Неразделимые | страница 65
Нам было грустно, ему тоже.
Более того, Фриц был подавлен.
Итак, я должен отметить следующее: в 1944 году я был уже настолько онемечен — и в том заслуга Фрица, — что думал по-немецки, а потом уже произносил словенские слова.
За один год благодаря хорошему методу обучения я стал — хотел я этого или нет — словенцем, говорящим по-немецки.
Два дня спустя мы проводили Фрица с деревянным чемоданчиком в руках до поезда; было холодно, повсюду лежал снег.
Чувствую, что Фриц ехал в Россию, чтобы погибнуть. Готов дать руку на отсечение, что он нарочно вылез под пулю русского снайпера; Фриц был добрым, слишком добрым человеком, чтобы убивать, хотя нас он так или иначе успешно онемечил.
И все-таки его родным языком был словенский, над которым, как мох, выросла привычка к немецкой речи. В то же время я убежден, что Хуберт не погиб, — возможно, и сейчас он где-то преспокойно живет и нараспев повторяет свое «noo-jaaa»[36].
Еще немного о продовольственных карточках.
Необходимо добавить еще об одном очень существенном в те годы явлении: мы ходили по деревням и попрошайничали, заходя во все дома подряд.
Гонимые голодом, мы расползались по округе до Брезья и Горьюши с пустой бутылкой в кошелке. Подходя к дверям, мы просили молока, моркови, картошки. Крестьяне охотно выносили только морковь и картошку, а молока не давали, предпочитая подливать его в пойло, которым откармливали свиней, чтобы те скорее жирели.
Помню, что за кусочек свиного сала требовали у мамы карточки на промтовары или табак, а иногда даже золото, белье, одежду.
Случалось, мама при этом сердилась и спрашивала, знают ли они, откуда мы пришли.

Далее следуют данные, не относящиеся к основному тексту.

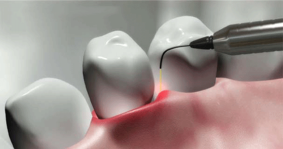 A laser uses light energy to perform the dental procedure and can treat the targeted tissue while leaving the surrounding tissues unaffected.
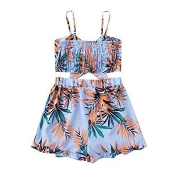 Two piece sleeveless crop top camisole and shorts set featuring floral print and elastic waistband
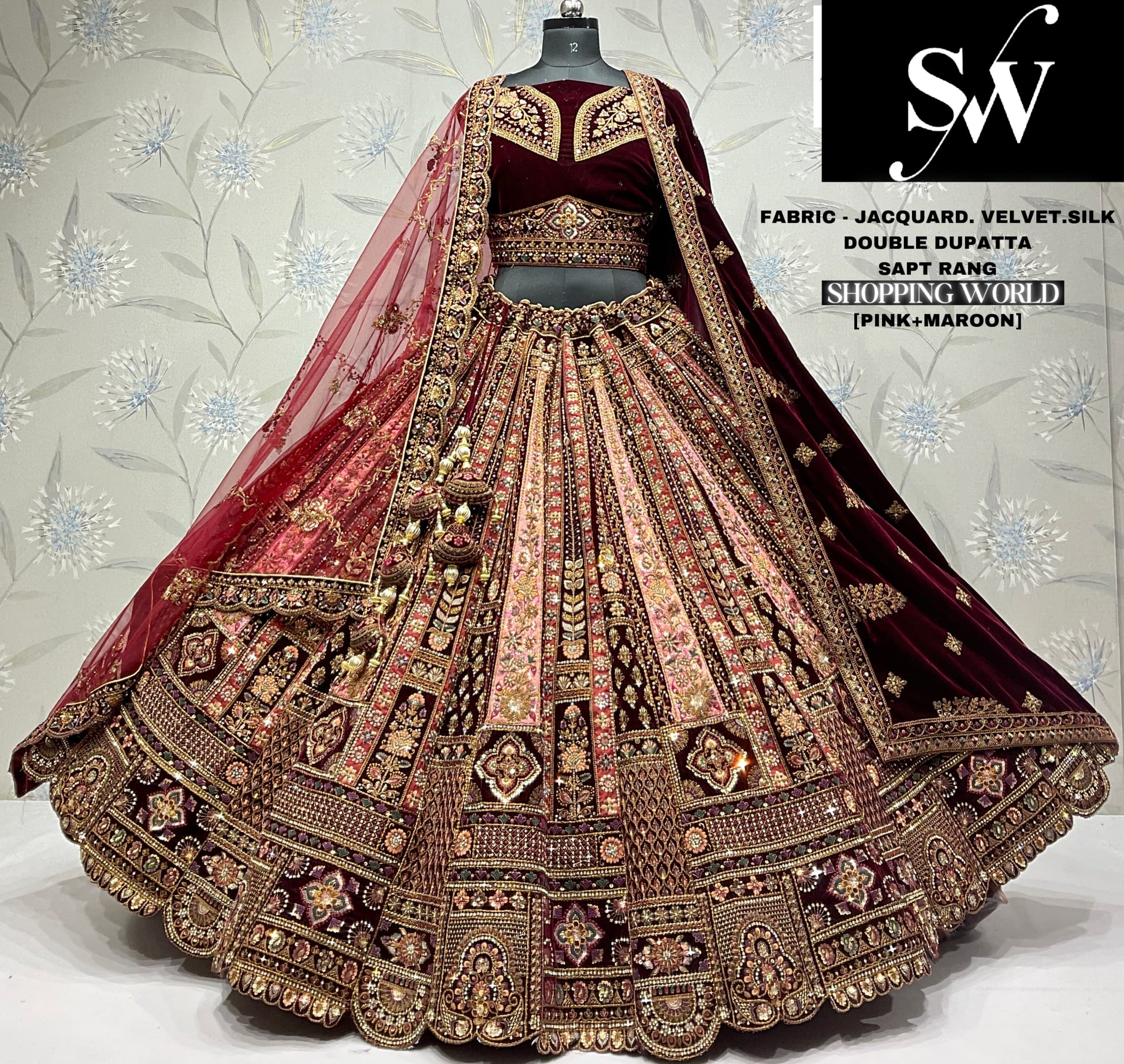 Encantadora lehenga nupcial pesada de color rosa oscuro (cliente satisfecha)
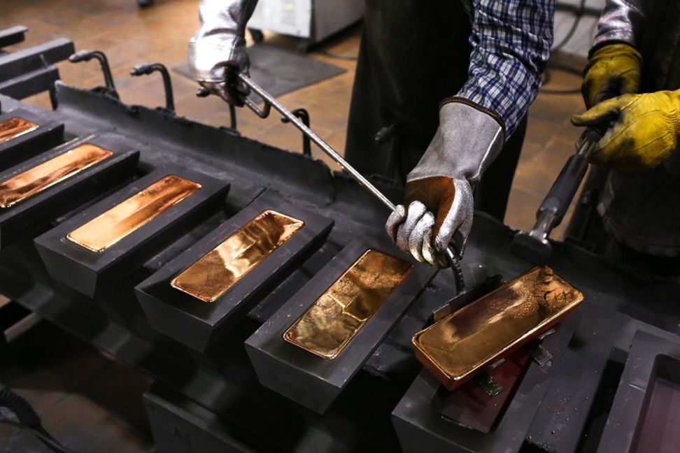 As the most defensive of asset classes, gold - seen here at a refinery being formed into bars - glitters amid geopolitical uncertainty. Ā© Getty Images/Andrew Rudakov/Bloomberg
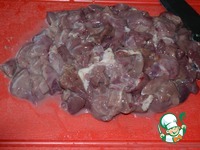 Пока жарятся цыплята, приготовим сам плов. Куриную печень промыть под проточной водой, нарезать на небольшие кусочки, обсушить бумажным полотенцем. |
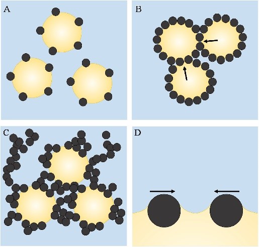 图2. 油/水乳剂表面和/或连续相中颗粒的示意图
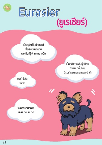 Eurasierurasier Eurasier E Eurasier (ยูเรเซียร์) ่ เป�นสุนัขทีไม่ค่อยจะมี ่ ชือเสียงมากมาย ่ เเละเป�นทีรู้จักมากมายนัก เป�นสุนัขสายพันธุ์สปิตซ ่ ์ทีพัฒนาขึ�นใหม่ มีรูปร่างขนาดกลางและน่ารัก อินดี� ขี�เล่น ร่าเริง ขนยาวปานกลาง และหนาแน่นมาก 21

Они знали, что из Яворника и что мы там голодаем, но прекрасно понимали и то, что мы полностью у них в руках. И они могут нас прищелкнуть, как блох.
Сколько раз из их кухонь доносились запахи жаркого, колбасы, молока, кукурузных клецок!
Я глотал слюни, или они текли у меня, как у собаки.
А крестьяне спрашивали у нас золото.
При таких встречах ненависть к немцам уступала по своей силе гневу на моих соотечественников, так горько нам с мамой бывало от бесчисленных жестоких унижений.
Когда я отправлялся на промысел один, я ходил от одного крестьянского дома к другому и лгал, что отец мой сидит в тюрьме в Бегунье, надеясь растрогать какую-нибудь бабушку, чтобы поскорее вернуться домой с бутылкой молока, а может, и с поросячьим копытцем или чтобы она налила мне чашку молока и дала тарелку кукурузных клецок.